= Input =
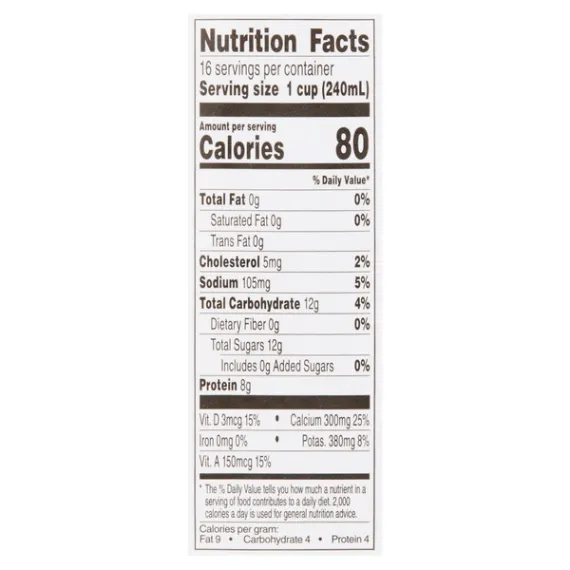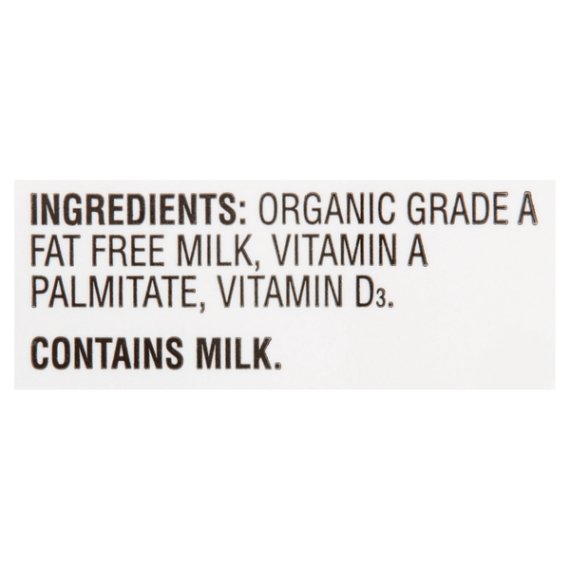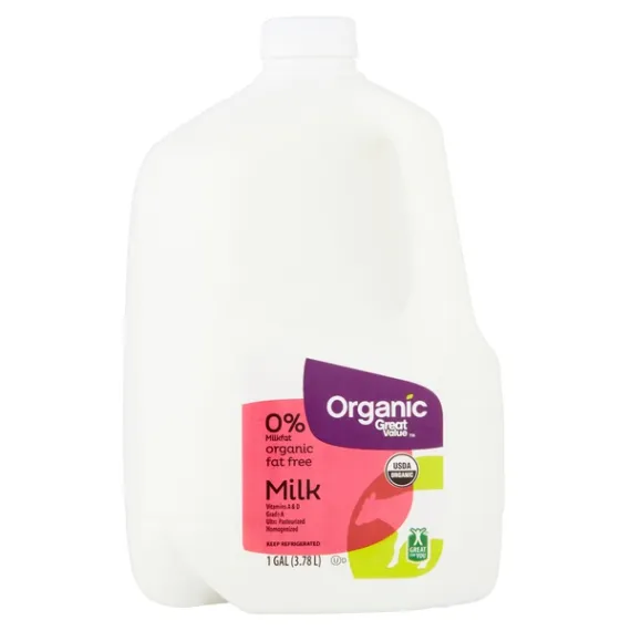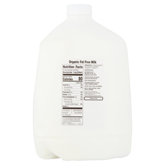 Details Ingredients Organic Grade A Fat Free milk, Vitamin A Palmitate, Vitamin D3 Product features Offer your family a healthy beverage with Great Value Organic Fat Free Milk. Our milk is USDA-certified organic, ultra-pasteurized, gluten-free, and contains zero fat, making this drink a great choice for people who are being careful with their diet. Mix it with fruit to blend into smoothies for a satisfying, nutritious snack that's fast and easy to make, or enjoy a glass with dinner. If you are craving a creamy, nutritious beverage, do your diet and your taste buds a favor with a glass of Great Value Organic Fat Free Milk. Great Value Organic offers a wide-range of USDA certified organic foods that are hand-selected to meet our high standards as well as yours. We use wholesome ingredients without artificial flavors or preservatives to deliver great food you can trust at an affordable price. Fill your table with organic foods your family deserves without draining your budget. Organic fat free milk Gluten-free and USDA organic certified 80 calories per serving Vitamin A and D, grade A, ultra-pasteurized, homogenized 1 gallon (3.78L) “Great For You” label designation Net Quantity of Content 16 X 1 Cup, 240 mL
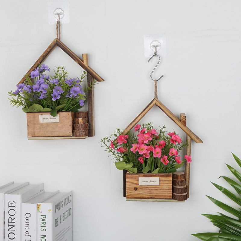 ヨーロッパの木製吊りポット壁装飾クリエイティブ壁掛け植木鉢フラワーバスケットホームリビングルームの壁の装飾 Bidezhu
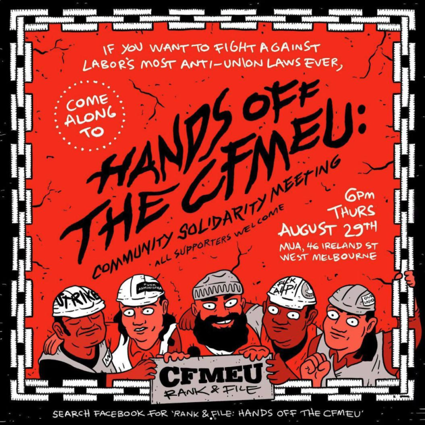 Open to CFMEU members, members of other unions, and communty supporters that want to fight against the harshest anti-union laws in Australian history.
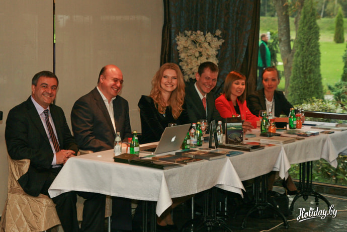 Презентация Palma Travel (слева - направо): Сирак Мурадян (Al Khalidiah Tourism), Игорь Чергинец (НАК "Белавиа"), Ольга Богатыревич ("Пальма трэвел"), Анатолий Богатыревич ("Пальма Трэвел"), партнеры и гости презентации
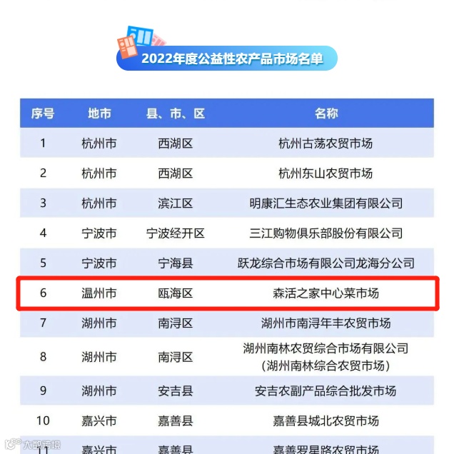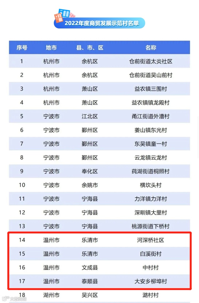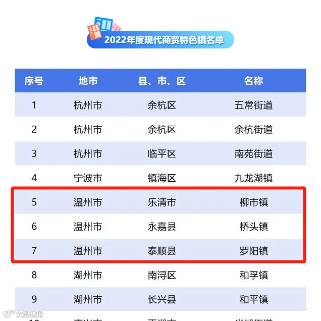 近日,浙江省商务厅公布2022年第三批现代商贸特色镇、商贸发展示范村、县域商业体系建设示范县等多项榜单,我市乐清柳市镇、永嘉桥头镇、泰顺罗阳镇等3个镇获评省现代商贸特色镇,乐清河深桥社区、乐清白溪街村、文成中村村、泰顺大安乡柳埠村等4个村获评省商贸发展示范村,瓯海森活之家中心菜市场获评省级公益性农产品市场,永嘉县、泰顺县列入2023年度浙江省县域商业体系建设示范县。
* * *
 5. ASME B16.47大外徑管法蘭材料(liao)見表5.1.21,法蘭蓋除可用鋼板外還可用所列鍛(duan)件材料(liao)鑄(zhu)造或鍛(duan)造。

= Task directions =
Leave the pictures out. Output, exactly, the lines of the material above starting at the line containing "Open to CFMEU" and ending at the line containing "Презентация Palma Travel".

= Response for this exercise =
 Open to CFMEU members, members of other unions, and communty supporters that want to fight against the harshest anti-union laws in Australian history.
 Презентация Palma Travel (слева - направо): Сирак Мурадян (Al Khalidiah Tourism), Игорь Чергинец (НАК "Белавиа"), Ольга Богатыревич ("Пальма трэвел"), Анатолий Богатыревич ("Пальма Трэвел"), партнеры и гости презентации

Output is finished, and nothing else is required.